▶ **Records**:
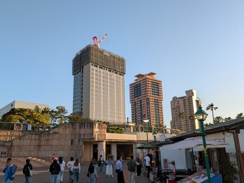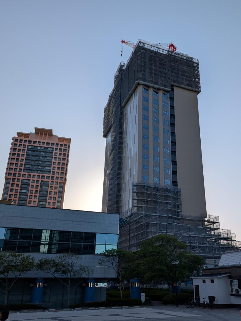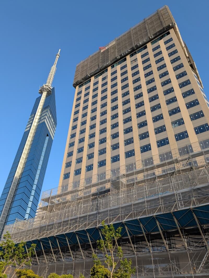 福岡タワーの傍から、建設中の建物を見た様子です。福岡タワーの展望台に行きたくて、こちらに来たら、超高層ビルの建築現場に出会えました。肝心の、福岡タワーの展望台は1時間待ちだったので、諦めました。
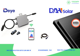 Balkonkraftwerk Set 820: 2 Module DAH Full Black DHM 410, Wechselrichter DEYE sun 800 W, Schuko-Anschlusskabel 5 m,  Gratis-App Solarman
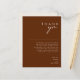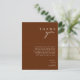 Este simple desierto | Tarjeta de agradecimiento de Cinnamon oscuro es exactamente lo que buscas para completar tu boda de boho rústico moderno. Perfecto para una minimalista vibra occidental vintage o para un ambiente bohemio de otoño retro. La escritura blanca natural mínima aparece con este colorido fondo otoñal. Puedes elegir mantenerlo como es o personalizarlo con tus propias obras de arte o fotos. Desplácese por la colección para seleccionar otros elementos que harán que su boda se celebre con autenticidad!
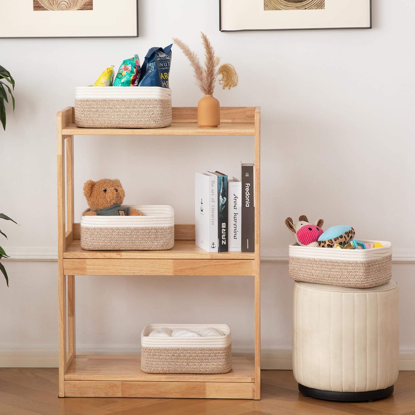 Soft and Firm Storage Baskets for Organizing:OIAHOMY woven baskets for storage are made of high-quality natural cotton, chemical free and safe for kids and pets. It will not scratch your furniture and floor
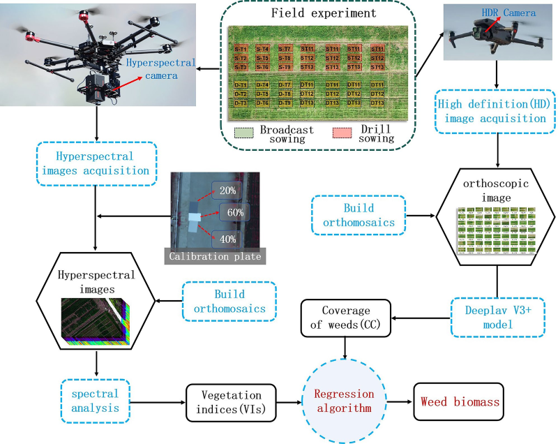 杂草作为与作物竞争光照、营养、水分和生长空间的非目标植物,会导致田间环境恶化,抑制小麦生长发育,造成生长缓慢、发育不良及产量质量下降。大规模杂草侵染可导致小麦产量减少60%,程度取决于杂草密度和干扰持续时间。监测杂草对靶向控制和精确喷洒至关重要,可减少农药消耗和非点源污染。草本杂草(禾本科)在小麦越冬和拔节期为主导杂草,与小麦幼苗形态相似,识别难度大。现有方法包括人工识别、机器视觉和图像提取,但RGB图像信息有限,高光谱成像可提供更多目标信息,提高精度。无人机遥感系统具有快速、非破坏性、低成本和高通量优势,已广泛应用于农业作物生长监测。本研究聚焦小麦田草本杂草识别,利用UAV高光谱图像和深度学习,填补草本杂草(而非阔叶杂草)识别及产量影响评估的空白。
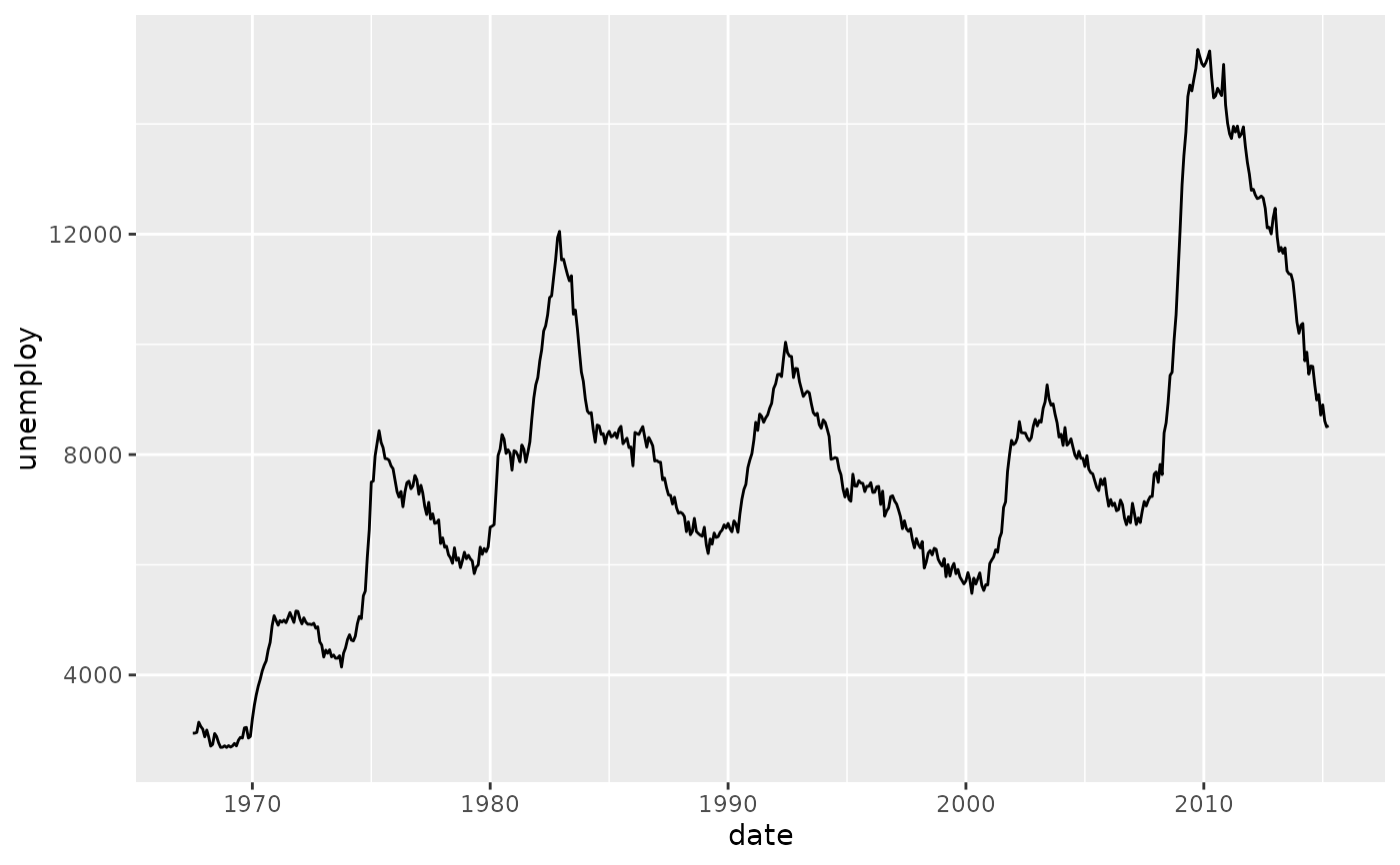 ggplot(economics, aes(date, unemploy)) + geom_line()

▶ **Exercise details**: The answer must be an exact copy of the lines from the start of the records above through the line containing "Balkonkraftwerk Set 820: 2", with no pictures in it.

▶ **Answer space**:
 福岡タワーの傍から、建設中の建物を見た様子です。福岡タワーの展望台に行きたくて、こちらに来たら、超高層ビルの建築現場に出会えました。肝心の、福岡タワーの展望台は1時間待ちだったので、諦めました。
 Balkonkraftwerk Set 820: 2 Module DAH Full Black DHM 410, Wechselrichter DEYE sun 800 W, Schuko-Anschlusskabel 5 m,  Gratis-App Solarman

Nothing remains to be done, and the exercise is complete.